The day before he was scheduled to leave Karachi, the journalist was kidnapped and barbarically murdered by jihadists who videotaped his beheading.
Based on the memoir of the same name by Mariane Pearl, herself a radio journalist, A Mighty Heart is a portrait of Mariane (Angelina Jolie) seesawing between hope and hopelessness in the weeks between her husband's abduction and his death.
Jolie delivers a focused and unfussy performance, doing an honorable job imitating Mariane's inimitable Cuban-French accent. Disappearing under the curly coif resembling that of Cher circa Moonstruck, Jolie suppresses her essential Angelina-ness, completing her transition from the screen's sultry siren to its Earth Mother.
Michael Winterbottom's unsentimental film is less a profile in courage than a just-the-facts, ma'am procedural. It focuses on how Mariane, five months pregnant in a foreign country, advanced the operation to find her husband. Danny is played by Dan Futterman, Capote's screenwriter, nicely cast as the reporter and running the emotional gamut from earnest to goofy.
To experience the grief of a death, one must know something of the life, no? That's the assumption of a movie like Silkwood.
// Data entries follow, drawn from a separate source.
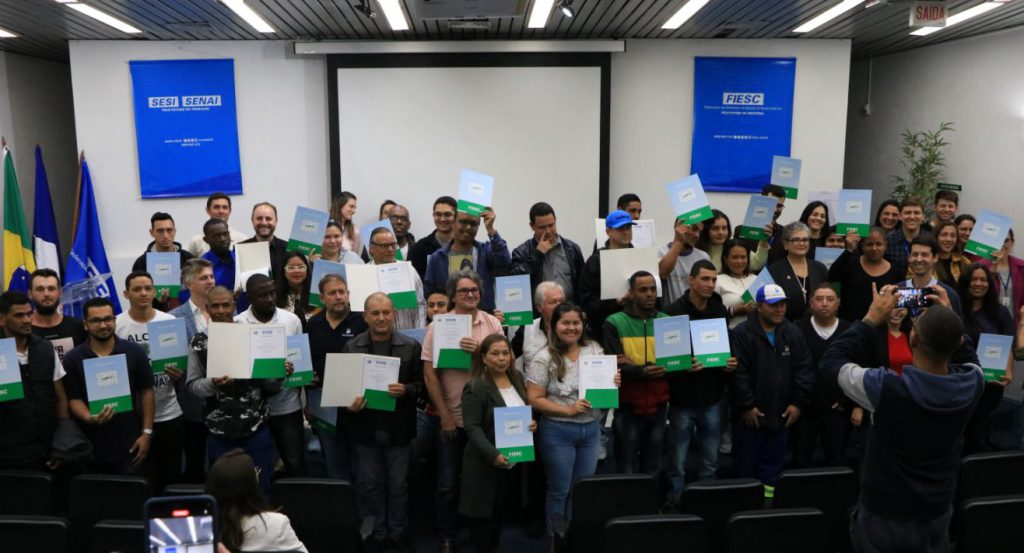 Cerca de 50 alunos das primeiras turmas dos cursos de pavimentação e de instalação hidráulica oferecidos pela Companhia Águas de Joinville (CAJ), em parceria com o Senai, concluíram os estudos e receberam o diploma. A cerimônia de formatura ocorreu na noite de quinta-feira, na sede do Senai Norte.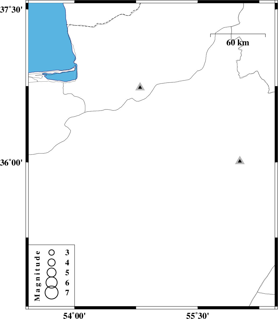 | 2011/03/07 | 06:02:03.9 | 09:32:03.9 | 36.06 | 54.94 | 31 | ML:2.8 | Semnan Province, 40 km South of Shahrud |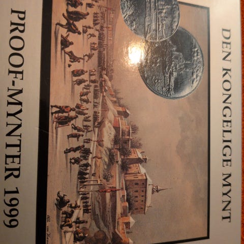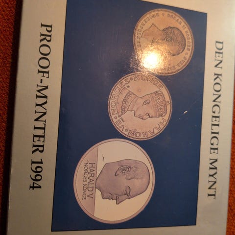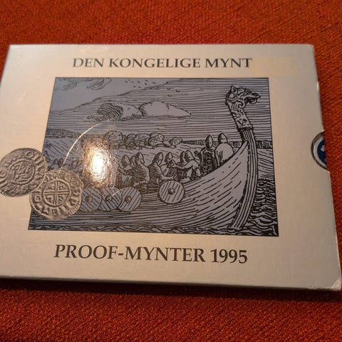 Den Kongelige Mynt Proof-mynter fra 1997. Inkluderer et sett med norske mynter i proof-kvalitet, presentert i original emballasje med detaljert informasjon om hver mynt.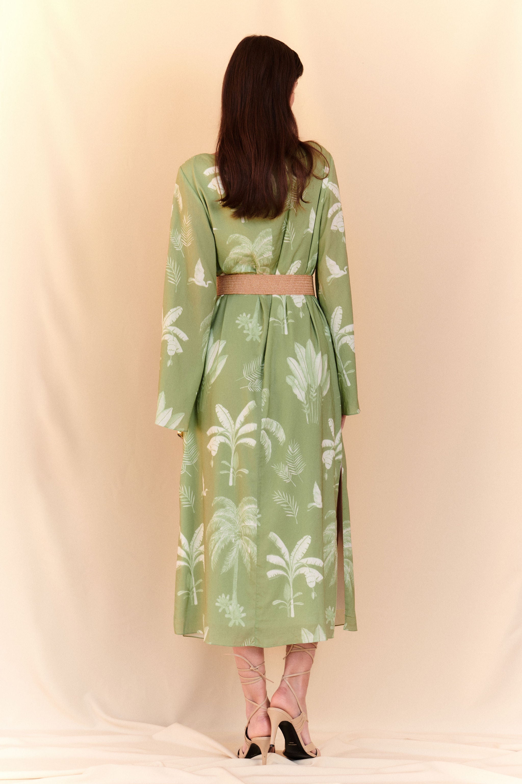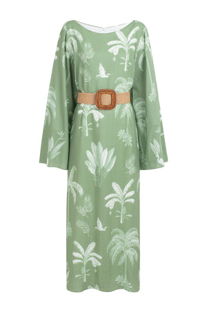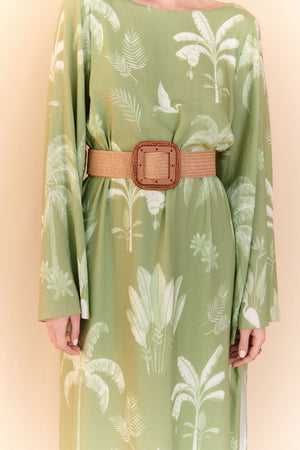 Feito de linho fresco leve e viscose, este vestido apresenta uma estampa tropical que vai transportar você para o paraíso. Complete o look com o cinto de ráfia incluso para um toque extra de elegância. Perfeito para ficar fresco e estiloso em dias quentes de verão.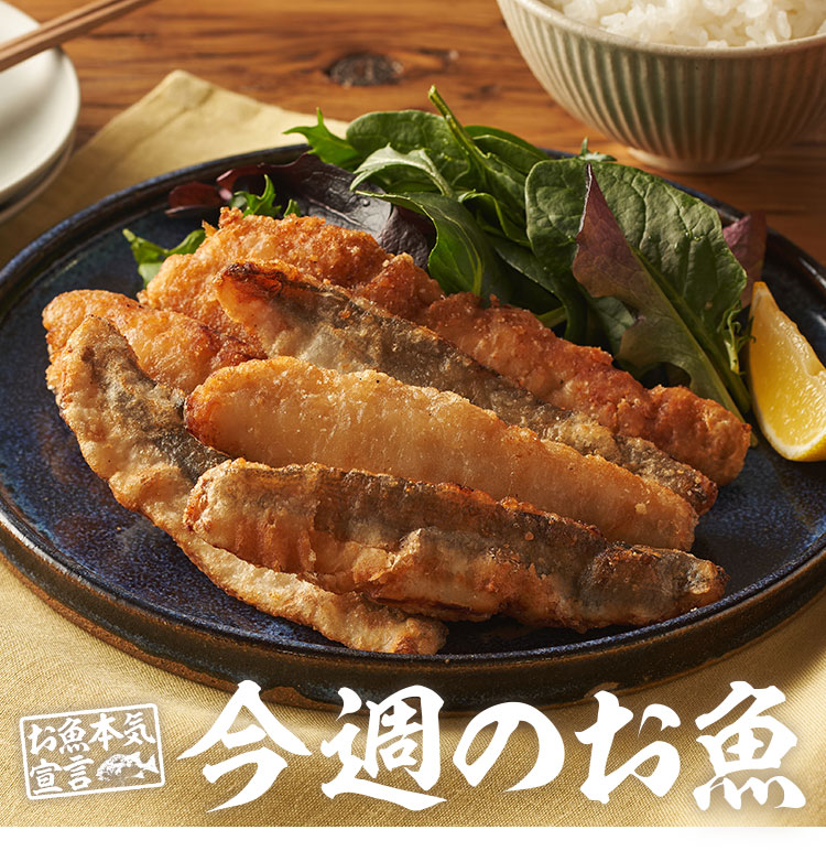 富山県産の赤カマスを竜田揚げにしました。カマスの身は薄いので、冷凍状態からフライパンに少し多めにひいた油で揚げ焼きするだけで、おいしくお召し上がりいただけます。柑橘との相性も良いので、是非レモンを添えてお召し上がりください。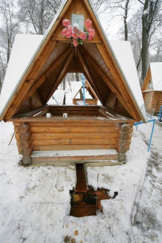 В середине храма-часовни бьет источник святой мученицы Параскевы, и по желобу вода из него направляется к кресту за часовней и в две купальни, что рядом. На этом месте , по преданию, более двух столетий назад была обретена икона Параскевы Пятницы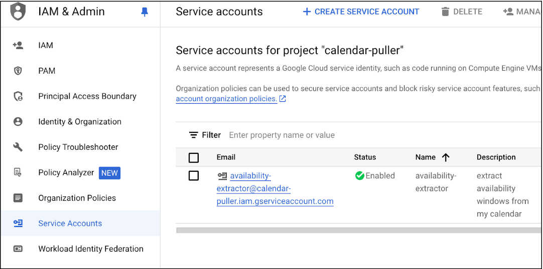 In order to connect your Google Calendar, you will need to follow these steps in Google's documentation. This process involves setting up a Google Cloud project, enabling the Google Calendar API, setting up a service account and adding the service account to your calendar.

It is not assumed in A Mighty Heart, which tells us precious little about Mariane and Danny - and even less about the politics behind Danny's kidnapping.
"What do Americans really know about Afghanistan and Pakistan . . . other than bombing them?" asks a friend of Mariane's as they untangle the knotted political and bureaucratic threads that might lead them to Danny.
Good question, and one that opens the door for the filmmakers to provide context absent from the film. Because Danny is Jewish, he is suspected of being an agent of Mossad, the Israeli secret police. Because he is American, he is suspected of being a CIA op. That some Pakistanis hate Jews and Americans is a given, rather than a theme to be developed.